### [Exercise goal]
Give back the full listing verbatim, apart from its images.

### [Data block]
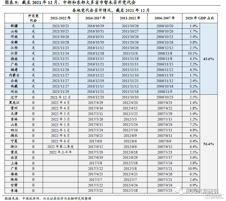 三重压力下,中央强调“稳增长”,2022年各地政策的变化值得关注。2021年中央经济工作会议同时提到“稳字当头”和“以经济建设为中心”,这也是2014年、2018年中央经济工作以来,中央经济工作会议再次强调“以经济建设为中心”,指向明年的经济工作重心为“稳增长”。从中央定调到政策落地仍需要地方政策的配套,而2021-2022年恰逢各省市党代会的召开,各省市领导班子的换届可能会对地方政策出台的节奏产生扰动。截至2021年12月,仍有大量中部、东部省份暂未召开党代会,这些省份的经济总量约占2020年全国GDP的56%。
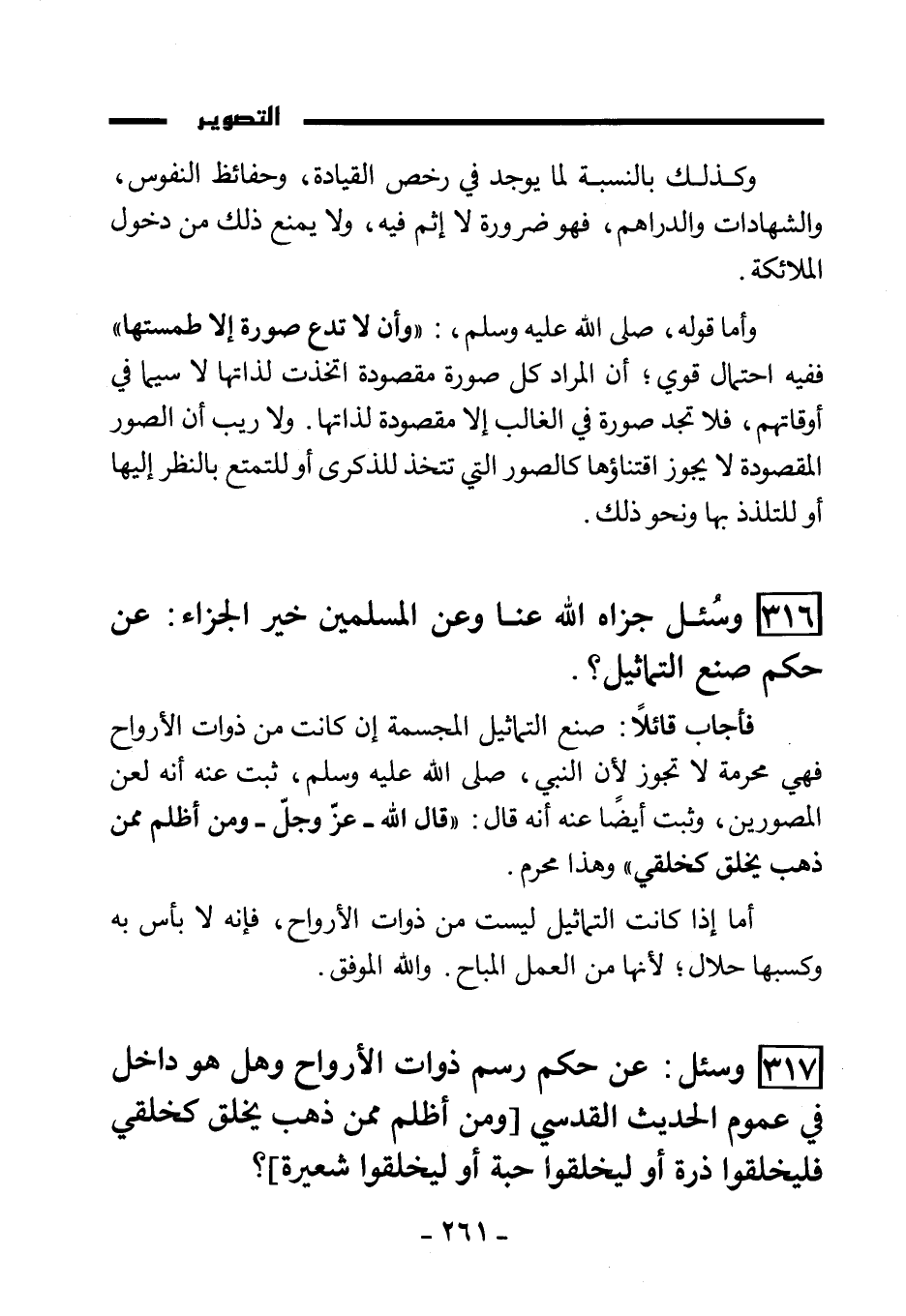 (317) وسئل: عن حكم رسم ذوات الأرواح وهل هو داخل في عموم الحديث القدسي «ومن أظلم ممن ذهب يخلق كخلقي فليخلقوا ذرة أو ليخلقوا حبة أو ليخلقوا شعيرة» ؟
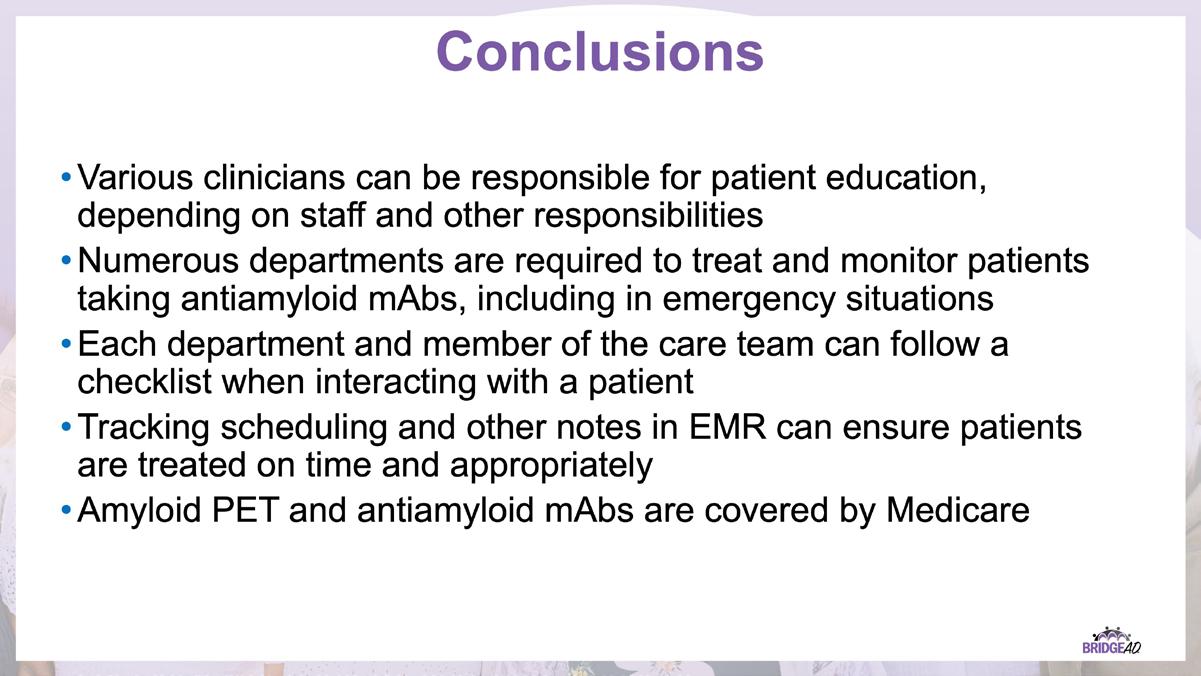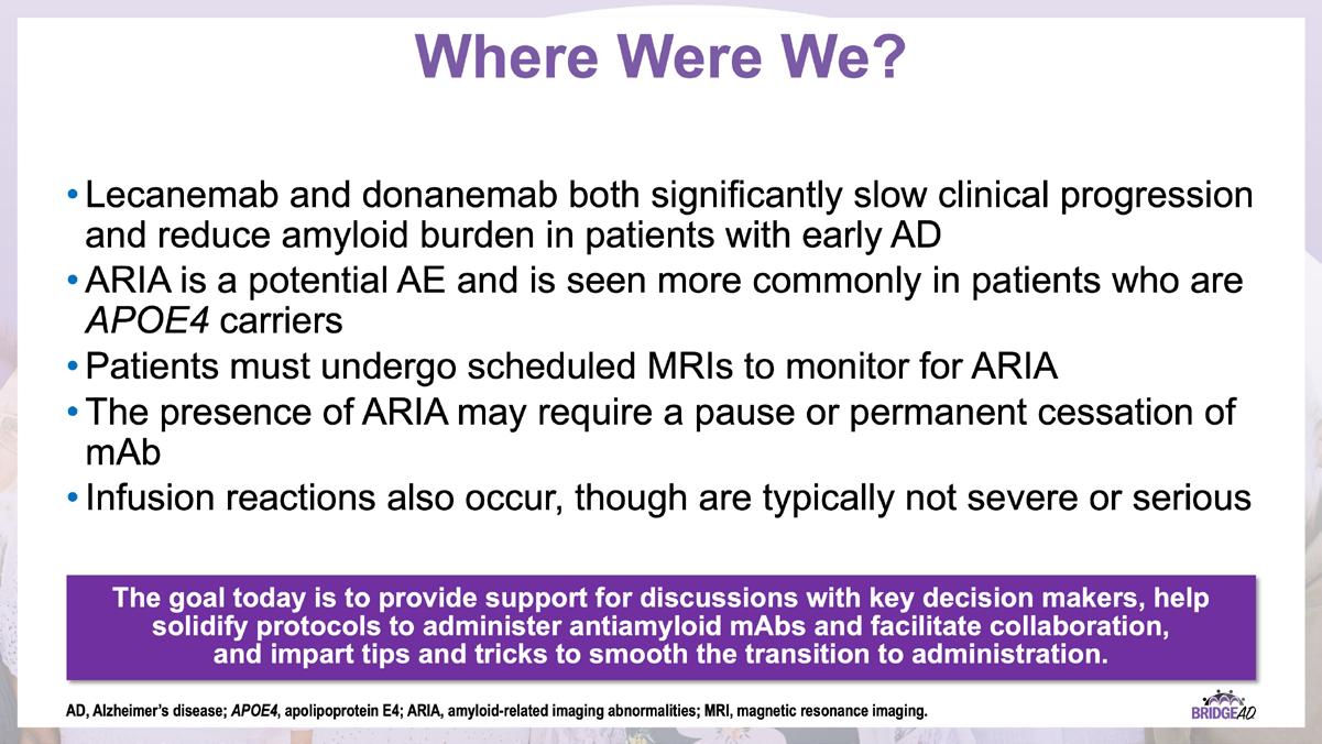 The educational design of this activity addresses the needs of neurology, radiology, emergency, geriatric, and primary care clinicians, and infusion center staff (physicians, nurse practitioners, physician assistants, nurses, and administrative staff) who are involved in the management of patients with Alzheimer’s Disease (AD).

### [Exercise result]
 三重压力下,中央强调“稳增长”,2022年各地政策的变化值得关注。2021年中央经济工作会议同时提到“稳字当头”和“以经济建设为中心”,这也是2014年、2018年中央经济工作以来,中央经济工作会议再次强调“以经济建设为中心”,指向明年的经济工作重心为“稳增长”。从中央定调到政策落地仍需要地方政策的配套,而2021-2022年恰逢各省市党代会的召开,各省市领导班子的换届可能会对地方政策出台的节奏产生扰动。截至2021年12月,仍有大量中部、东部省份暂未召开党代会,这些省份的经济总量约占2020年全国GDP的56%。
 (317) وسئل: عن حكم رسم ذوات الأرواح وهل هو داخل في عموم الحديث القدسي «ومن أظلم ممن ذهب يخلق كخلقي فليخلقوا ذرة أو ليخلقوا حبة أو ليخلقوا شعيرة» ؟
 The educational design of this activity addresses the needs of neurology, radiology, emergency, geriatric, and primary care clinicians, and infusion center staff (physicians, nurse practitioners, physician assistants, nurses, and administrative staff) who are involved in the management of patients with Alzheimer’s Disease (AD).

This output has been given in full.